Retention periods may vary depending on the nature of the data, the service involved, and our legal obligations.

Where data is no longer required, we will securely delete, anonymize, or de-identify it, unless continued retention is required by law.

15. Data Security

We use reasonable administrative, technical, and organizational measures to protect personal data from unauthorized access, loss, misuse, disclosure, alteration, or destruction.

These safeguards may include:

  • password protection.
  • encryption in transit where appropriate.
  • access controls.
  • staff confidentiality obligations.
  • audit and monitoring procedures.
  • secure hosting and cybersecurity practices.

Kenya’s legal framework also addresses cyber-related offences and unlawful access to systems, which supports the broader protection of digital services and user data.

Although we take reasonable steps to secure personal data, no system can be guaranteed to be completely secure. You are responsible for keeping your login credentials confidential.

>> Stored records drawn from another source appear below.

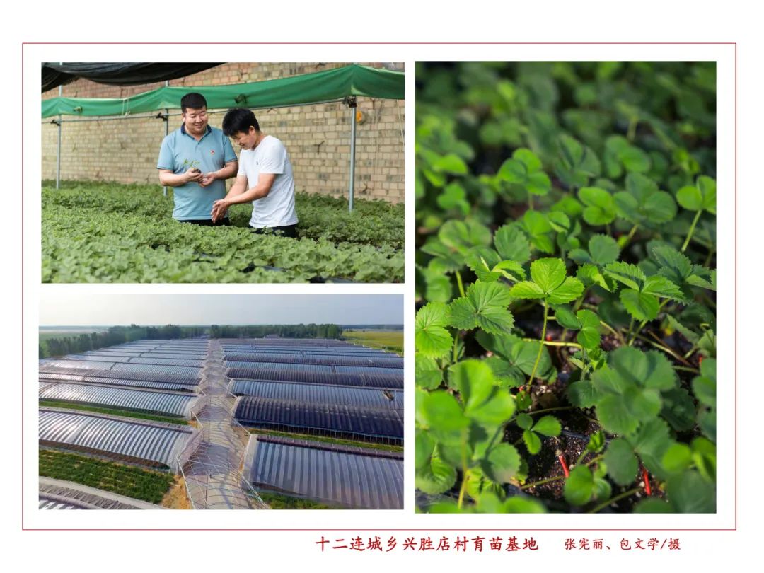 十二连城乡兴胜店村育苗基地是兴胜店村将150亩寸草不生的盐碱地流转整合后建成的35栋高标准化日光温室大棚,以产业化模式经营,成功引进江苏淮安柴米河农业科技公司共同打造村集体育苗基地。目前已成功培育出适合当地气候、土壤的草莓、甜瓜等种苗,市场供不应求。
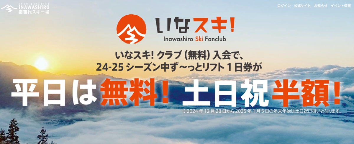 無料会員登録で、リフト1日券が平日無料!土日祝日は半額に!!
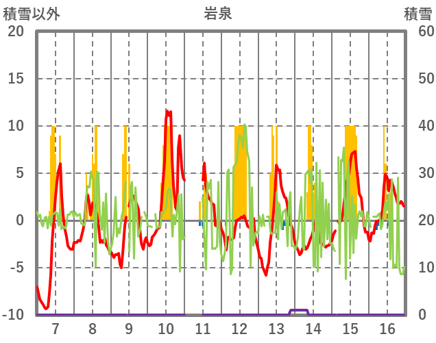 | 日 | 時 | 気温 | 降水 | 風向/風速 | 日照 | 積雪 | 降雪 |
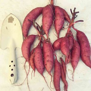 サツマイモ第二段! 地植えのサツマイモ、ツルもぐんぐん伸び何度かのツル返し?もしてそれでも尚ワッサワサの葉、それは期待しました。 プランターであのボリュームなら地植えなら…😋とワクワクしながら今日は次男に手伝ってもらって掘り上げました。 でも…あれ?これだけ?😥 残念ながらプランターの方が成績よかった💦今夜はなすと共に天ぷらにでもします。 サツマイモも無くなったし、後は茄子か終わったら、秋冬仕立ての庭にしていきたいです😊

16. Marketing Communications

Where permitted by law, we may send promotional or educational communications by email, SMS, WhatsApp, or similar channels.

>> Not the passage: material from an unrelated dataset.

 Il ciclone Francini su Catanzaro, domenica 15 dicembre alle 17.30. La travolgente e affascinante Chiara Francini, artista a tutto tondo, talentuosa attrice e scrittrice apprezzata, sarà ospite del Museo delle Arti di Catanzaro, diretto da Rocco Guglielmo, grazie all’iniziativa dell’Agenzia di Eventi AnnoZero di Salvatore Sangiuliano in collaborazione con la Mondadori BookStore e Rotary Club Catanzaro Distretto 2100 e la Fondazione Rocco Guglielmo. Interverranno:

You may opt out of marketing messages at any time by:

  • clicking the unsubscribe link where available.
  • replying with the relevant opt-out instruction where applicable; or
  • contacting us directly.

Please note that even if you opt out of marketing, we may still send important non-promotional messages relating to your account, service, payments, prescriptions, orders, appointments, or security.

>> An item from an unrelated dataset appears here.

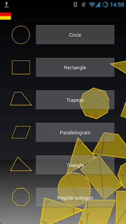 With the app, different forms such as solving (Triangular, trapezoidal, square, circle, ...)

17. Third-Party Platforms and Links

Our Platform may contain links to third-party services, payment providers, pharmacies, clinics, laboratories, delivery partners, or other external websites. We are not responsible for the privacy or security practices of third parties. Any personal data you submit to such third parties will be governed by their own policies.

18. Changes to This Privacy Policy

We may amend or update this Privacy Policy from time to time to reflect:

  • changes in our services.
  • changes in technology.
  • legal or regulatory updates.
  • changes in our business operations or privacy practices.

When we make material changes, we will post the updated policy on our Platform and revise the “Last Updated” date.

19. Contact Us

If you have any questions, requests, or complaints regarding this Privacy Policy or the way we handle your personal data, please contact us:

HimStrong Telehealth Limited
Attn: Privacy / Data Protection Team
Email: privacy@himstrong.com
Phone: +254 700 123 456
General support: support@himstrong.com
Postal Address: Nairobi, Kenya
Physical Address: Kenya — online-first platform; correspondence as directed above.

Regulatory Note:
HimStrong Telehealth Limited operates within the Kenyan legal environment for digital health and personal-data protection. Our privacy practices are designed to align with the Data Protection Act, 2019, the Health Act, 2017, and the Digital Health Act, 2023.